Si la lecture préalable du synopsis ne put m’empêcher de me rappeler au souvenir de M le Maudit (1931), celle-ci eut surtout un rôle prépondérant dans mon plongeon tête la première dans cette histoire dérangeante, révoltante et prenante. Lucas, directement présenté comme un type banal, sans histoires, honnête, serviable, attire directement notre sympathie. Comment, alors, pourrait-on en arriver à des accusations de pédophilie ? C’est l’objet du début du film, nous maintenant dans une tension permanente, et nous menant à avoir un rictus à chaque sourire de la petite fille envers Lucas, alors que l’on n’imagine pourtant pas qu’il puisse y avoir plus que de la complicité entre eux deux. Pourtant la petite fille va affirmer avoir été abusée par Lucas, et tout le village, bien sûr, prendra le parti de la petite fille, à la parole innocente et sincère, quand le spectateur, lui, au faîte de l’histoire, ne pourra que se rallier à Lucas, empêtré dans la même injustice et frappé par la vague de haine et de rejet qui l’attend.
Avec un départ relativement rapide, le film finit cependant par s’étirer, rendant hommage aux superbes paysages aux couleurs automnales de l’Europe du Nord, nourrissant le malaise habitant le village, nourrissant la peur et le sentiment d’injustice qui oppressent Lucas. La Chasse ne fait pas la part belle à la violence physique, mais à une violence psychologique puissante, presque insoutenable. Le mouvement de foule et de haine envers un seul individu, que nous avions déjà pu observer dans M le Maudit, est ici également très présent. Au tribunal de la société, il n’y a pas de présomption d’innocence qui tienne, seules les rumeurs et la force du nombre prévalent, les masques tombent, les amitiés se rompent. Seuls le frère et le fils de Lucas seront toujours auprès de lui dans cette sombre affaire, mettant en lumière la puissance des liens familiaux, présentés comme infaillibles, quelles que soient les circonstances.

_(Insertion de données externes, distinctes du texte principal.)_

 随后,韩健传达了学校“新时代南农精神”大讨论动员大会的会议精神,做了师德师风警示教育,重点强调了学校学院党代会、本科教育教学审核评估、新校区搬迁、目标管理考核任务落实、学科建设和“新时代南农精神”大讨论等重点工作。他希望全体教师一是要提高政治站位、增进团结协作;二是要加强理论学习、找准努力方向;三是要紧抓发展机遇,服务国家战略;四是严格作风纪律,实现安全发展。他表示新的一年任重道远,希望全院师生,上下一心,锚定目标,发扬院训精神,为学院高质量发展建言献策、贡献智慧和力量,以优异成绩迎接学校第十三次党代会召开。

Au-delà de cela, c’est surtout l’innocence apparente de la petite fille, et des enfants dans leur ensemble, qui est remise en question. Considérés comme des êtres incapables de se défendre, purs, sincères, il ne vient à l’idée d’aucun adulte qu’un des enfants ait pu mentir, réagissant par instinct face à la pression des adultes. C’est seulement lorsque la petite fille, elle-même, commence à reconnaître ses torts et qu’elle a commis une grave erreur que la situation va peu à peu se désamorcer, non sans une dernière explosion de violence mémorable lors de la messe de Noël à l’église. La question ici posée, finalement, est la suivante : le mensonge n’est-il pas une composante de notre instinct de survie ? Et, dès lors, ne l’utilisons-nous pas comme arme dès notre petite enfance ?

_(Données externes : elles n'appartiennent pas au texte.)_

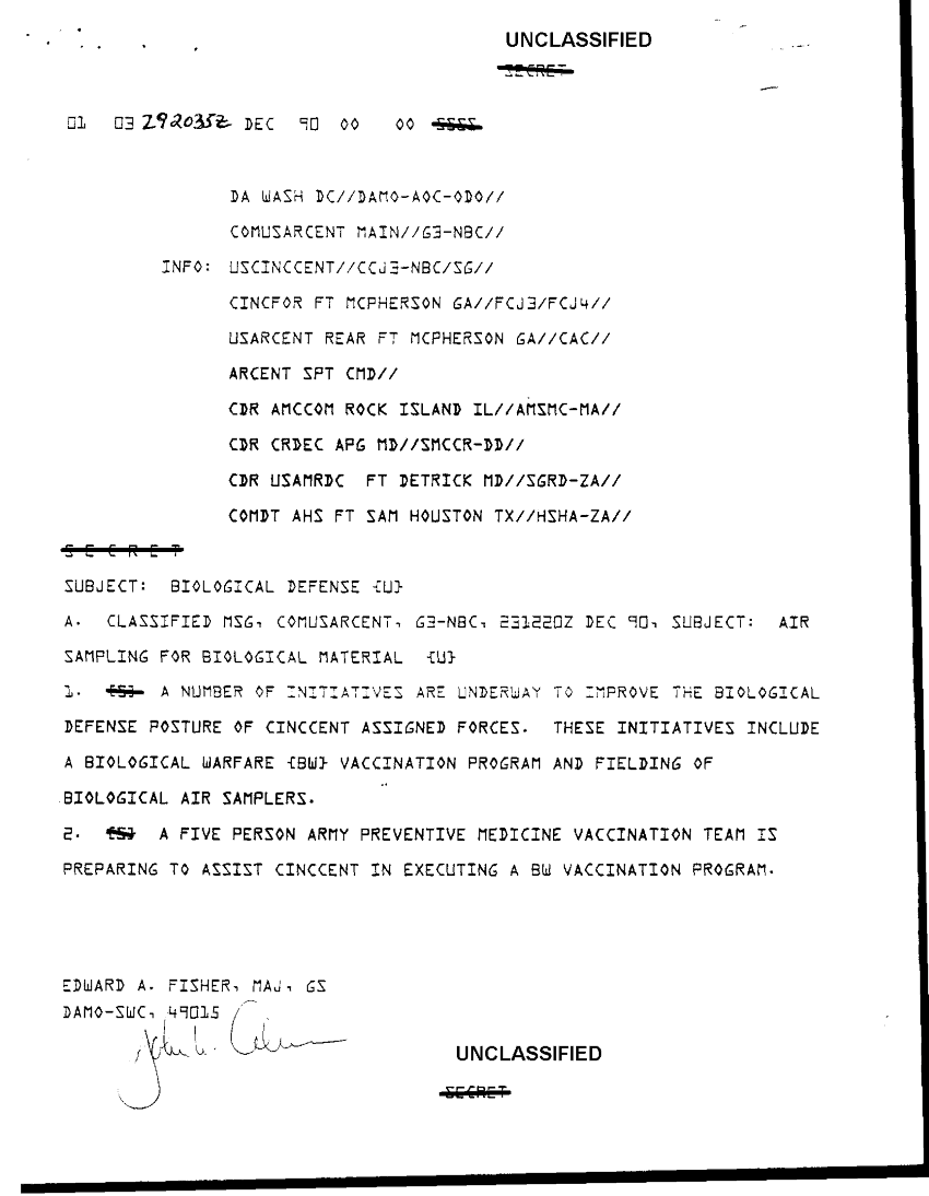 Subject = COVERSHEET BIOLOGICAL DEFENSE

Engrenage sombre et atroce issu d’un petit mensonge, La Chasse est un film qui brille par sa capacité à soigner son authenticité, à partager des émotions sans jamais s’embourber dans un pathos exacerbé, et qui impressionne par sa faculté à immerger son spectateur de bout en bout. Le film se permet même une fin ouverte, tout à fait bienvenue, rappelant que malgré la résolution de la situation, les plaies du passé ne sont jamais réellement fermées, et que le danger n’est jamais vraiment totalement annihilé. Les acteurs, tous très authentiques, et surtout Mads Mikkelsen, qui brille littéralement dans ce rôle sobre mais tout en nuance et utilisant toute la palette des émotions, complètent ce formidable travail. La Chasse est un film marquant, fort et prenant, que je vous conseille vivement.